Independence Air Lender Repossesses a Plane
By Bill Brubaker
Washington Post Staff Writer
Saturday, February 12, 2005; Page E01
The parent of financially troubled Independence Air said late yesterday that a lender had repossessed one of the airline's 73 leased regional jets.
Flyi Inc. said the lender, which it did not identify, filed suit against the low-cost carrier in New York after it failed to make a lease payment due last month, according to a filing with the Securities and Exchange Commission.
This month, Flyi cut about 150 of its 560 daily flights and announced service to five West Coast cities beginning in the spring. (Dennis Brack -- Bloomberg News)

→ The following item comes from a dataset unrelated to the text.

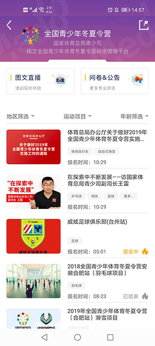如果对夏令营等活动感兴趣的话,在这款软件中也是可以找到,软件内有各种的青少年体育冬夏令营,这里网罗各类体育项目冬夏令营,足球、篮球、露营、登山、航模等应有尽有,非常丰富。

The disclosure by Flyi comes at a critical time for the Dulles-based carrier, which has been struggling to avoid filing for protection from its creditors.
Rick DeLisi, Flyi's spokesman, said the repossession of the single jet will not affect the airline's schedule of flights, but he declined to comment further. Flyi serves 39 cities out of Dulles with its 50-seat regional jets and 132-seat Airbus A319s.
Last month, Flyi said it agreed with a major creditor, GE Capital Aviation Services Inc., to return as many as 20 of its regional jets in an effort to avert a bankruptcy filing. Flyi said GE Capital also agreed, subject to "a number of conditions," to restructure lease payments on 27 more regional jets and to give the airline a five-year, $19.5 million loan.
One of the conditions was that Flyi make "similar agreements with the lenders and lessors on other aircraft." John Oliver, a spokesman for GE Capital Aviation Services, declined to comment last night.
Flyi has not indicated whether it was able to renegotiate with various creditors $83 million in aircraft lease payments that were due in January. The airline previously said failure to renegotiate the payments could force it to file for Chapter 11 bankruptcy protection.
On Feb. 1, Flyi eliminated about 150 of its 560 daily flights, mostly in and out of Dulles. The airline announced on Monday it will begin Airbus service to five West Coast cities this spring.
Yesterday, before Flyi disclosed the repossessed aircraft, Robert N. Ashcroft, an analyst for UBS Investment Research, wrote: "While lessors have little incentive to push Flyi into [Chapter] 11, they're not charities either, and it takes only one to lose patience and issue a default notice to start to unravel the situation." He gave Independence Air a 30 percent chance of surviving as a low-cost airline.